The huge crowd, stretching for four blocks of Barclay between West Street and Church Street, had ridden buses since midnight the night before from points as far away as southern Virginia, or took the ferry across to Manhattan and walked up. The event was blocks from Ground Zero of the World Trade Center.
CWA Verizon workers had come from as far away as California, and IBEW members had come up from Tampa, Fla., to show their support. A CWA AT&T local from Connecticut was represented, and signs could be seen from the AFT staff union at City University of New York and by TWU in New York.
The crowd included a group from Local 1101, the only unionized group of Verizon Wireless workers, representing 60 members. Those Verizon Wireless jobs ought to be good union jobs too, and not just 60 among 40,000 union members at Verizon.

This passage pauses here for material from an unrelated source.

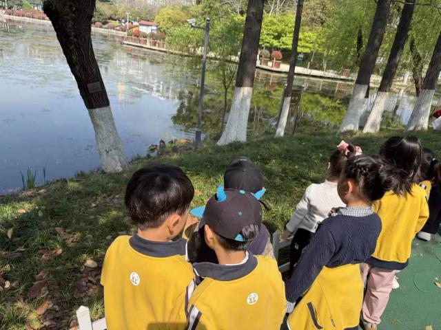 到达公园后,孩子们在春日的暖阳下,开启了丰富的自然探索活动。他们分组寻找春天的痕迹:观察树木冒出的嫩嫩新芽,辨认公园里五颜六色的花朵,追逐飞舞的小蝴蝶和小蜜蜂,捡拾形状各异的落叶和树枝,用自己的感官全方位感受春天的变化。孩子们好奇地提问、热烈地讨论,在自主探索中认识了多种春天的植物与小生物,解锁了季节的秘密。

CWA retirees made the trip too, proudly displayed on red shirts. One retiree, Kevin Carey of Annandale, Va., was distributing a flier supporting a bill, introduced by Sen. Jack Reid (D-RI), providing for a 30-hour workweek that increases employment, with “work sharing” compensation that also increases hourly wages. Verizon is demanding just the opposite in bargaining—that we work more for less, much less.
A large contingent of IBEW Verizon members also made the trip from locals in Massachusetts and New Jersey. They cheered wildly when one of the first speakers was Myles Calvey, who directs the IBEW T-6 Verizon council, called for a mass movement of union members across the East Coast. “In fact, it will take every union member on the East Coast to stop Verizon from this attack on the middle class. Our unions are drawing the line here at Verizon.”
The tremendous outpouring of support by members buoyed the spirit of the event and they were fired up by the heat of angry union speakers.
“In all my years negotiating a contact, I’ve never seen the kind of crap that Verizon has put on the table,” said CWA District 1 Vice President Chris Shelton, who invited the CWA and IBEW bargaining committees to the stage. “What they want to do,” he said, holding up the current contract and tearing out pages one by one, “is to throw away 60 years of bargaining."
“We’re not going to let it happen!” he thundered, and the crowd roared its approval. “What they really want to do is to bust your union. They want to gut the middle class and they’re starting with you. Are we going to allow that to happen?”
The crowd response was a deafening “No!” A chant rose up with an epithet to describe Verizon’s proposals and the attitude of the corporate executives who are raking in millions in compensation—$55,000 a day for CEO Ivan Seidenberg—while demanding concessions from workers who have made the company a success. “Bullshit” became a constant refrain.
The rally drew a number of local and area political supporters, including Christine Quinn, the speaker of the New York City Council, who exhorted the crowd to “fight to keep your benefits. Verizon is a very profitable corporation, and it’s YOU who have made them profitable.”
New York State Assemblyman Hakeem Jeffries had the crowd rocking by calling Verizon executives out, vowing to ensure that regulators keep Verizon’s feet to the fire. “The Public Service Commission has jurisdiction over Verizon because it deals in a public service,” he said. “But it is you who create that service, not the corporate executives in that building. They must be held accountable.”
Other speakers included CWA Secretary-Treasurer Annie Hill, New York State AFL-CIO President Dennis Hughes, New York City Public Advocate Bill de Blasio, State Senator Diane Savino (formerly of AFSCME DC-37), SEIU 32B-J Secretary-Treasurer Hector Figueroa, Manhattan Borough President Scott Stringer, Senate Minority Leader John Sampson, State Senator Andrea Stewart-Cousins, State Senator Adriano Espaillat, Assemblyman Jim Brennan, Assemblyman Peter Abbate, and Councilman Vincent Gentile.